A simple suggestion: Don’t listen to him. Don’t accept the apology. Don’t acknowledge his ownership of responsibility. On this occasion, it’s simply not Brad Underwood’s place to do these things. Underwood is not the problem. Monday night was an evening where it would've been okay to point the finger instead of the thumb. 

This 2019-20 Illinois squad has a locker room problem as in somebody in that locker room needs to learn the scouting reports, take pride in the defensive end of the floor and start games on time.

“Today we asked all of them how their 4-man likes to guard ball screens and nobody knew the answer,” Underwood said of the Monday morning shoot-a-round. “We’d gone over that for two days. It wasn’t as much physical as it was mental. Maybe that’s on me. We’ve got to correct those things and make sure we’re emphasizing the right things.”

That’s all fine and good but Underwood took three timeouts before the 10-minute mark of the first half because his team seemingly didn’t know they were getting boat-raced off its home floor in front of a national television audience.

“Once the ball is thrown up, to be quite honest, there is very little a coach can do,” Underwood said. “The play card was tried. The timeouts were used up. At some point, the competitive spirit has to kick in.”

I’m not honestly sure what the Fighting Illini coach is supposed to do when he’s trying everything but nobody is playing even average and you’re staring up at the scoreboard and it says: Miami 45, Illinois 18.

When Underwood was at Stephen F. Austin, it would be Thomas Walkup who would make sure everybody was locked in defensively and attention to detail was happening in practices. At Oklahoma State, it was Jawun Evans that got his team out of the 0-6 hole it dug itself in Big 12 Conference play.

“We just got to come in more focused and I’ll step in with my part and get my teammates ready, get myself ready and have ourselves prepared for the next game,” Illini senior guard Andres Feliz said. “We just got to stay together. This is going to be fun to watch because we’re going to be great.”

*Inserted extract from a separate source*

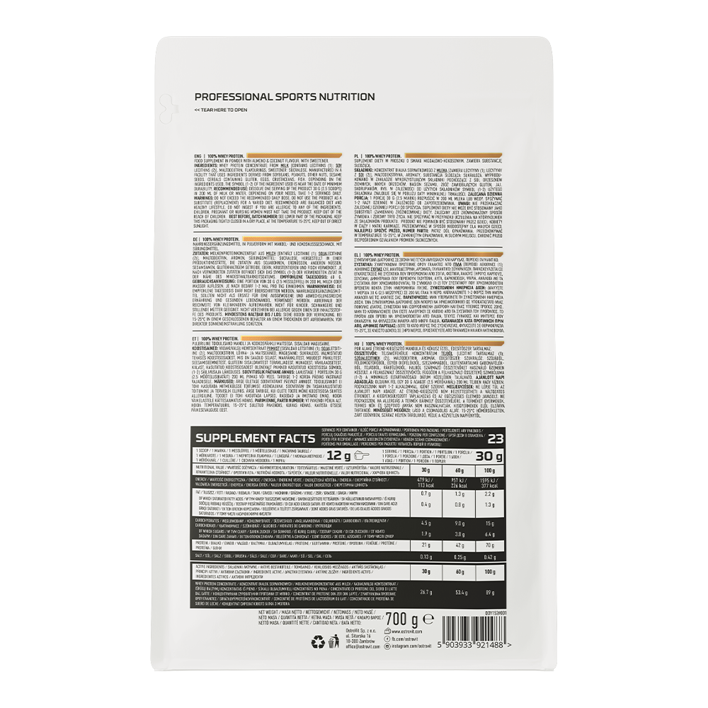 100% Whey Protein – 700 g Amandel‑Kokos, 21 g eiwit | OstroVit

The fact is Underwood’s best teams are player-driven, player-led and player-run. It’s a mentality, competitiveness, and ownership instilled by the coaching staff to get them prepared for the moment - these types of moments like Monday night. Illinois will open Big Ten Conference play against No. 3 Maryland Saturday. The Terrapins are player-led by Anthony Cowan. Michigan has a first-year coach who had never been a head coach at any level before this season. They’ve risen to No. 5 in the latest Associated Press poll because Jon Teske and Charles Matthews demand a level of excellence and weren’t going to let John Beilein walking out of the door to Cleveland make them start losing.

"We didn’t go as hard as we can," Bezhanishvili said. "You can always go harder and harder and we didn't go as hard as we could. That's on our part. That's the players' part is to come ready every day."

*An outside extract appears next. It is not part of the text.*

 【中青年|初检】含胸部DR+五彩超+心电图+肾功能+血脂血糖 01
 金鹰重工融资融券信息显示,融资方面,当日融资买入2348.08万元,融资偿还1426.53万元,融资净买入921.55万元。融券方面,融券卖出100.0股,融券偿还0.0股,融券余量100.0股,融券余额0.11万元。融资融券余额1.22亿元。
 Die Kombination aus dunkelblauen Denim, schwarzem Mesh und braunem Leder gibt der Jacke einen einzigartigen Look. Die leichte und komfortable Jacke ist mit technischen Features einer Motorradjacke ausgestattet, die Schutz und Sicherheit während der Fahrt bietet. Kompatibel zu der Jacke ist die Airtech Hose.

At Illinois, that player-led role should be firmly in the palm of Dosunmu’s hand. The keyword there is should be. Except Dosunmu is the one who was just 2 of 6 in this dreadful first half Monday night and is walking the ball up the floor with the Illini down one with 13 seconds left but with no timeouts.

Illinois is now 0-2 against Power 5 Conference opponents in what was supposed to be a resurgent season for this program. The simple conclusion based on Monday’s repulsive losing result to a very beatable Miami team is if Illinois doesn’t suddenly become a player-led team, this 19-20 team will fall very far short of Feliz’s Monday night proclamation of “being great”.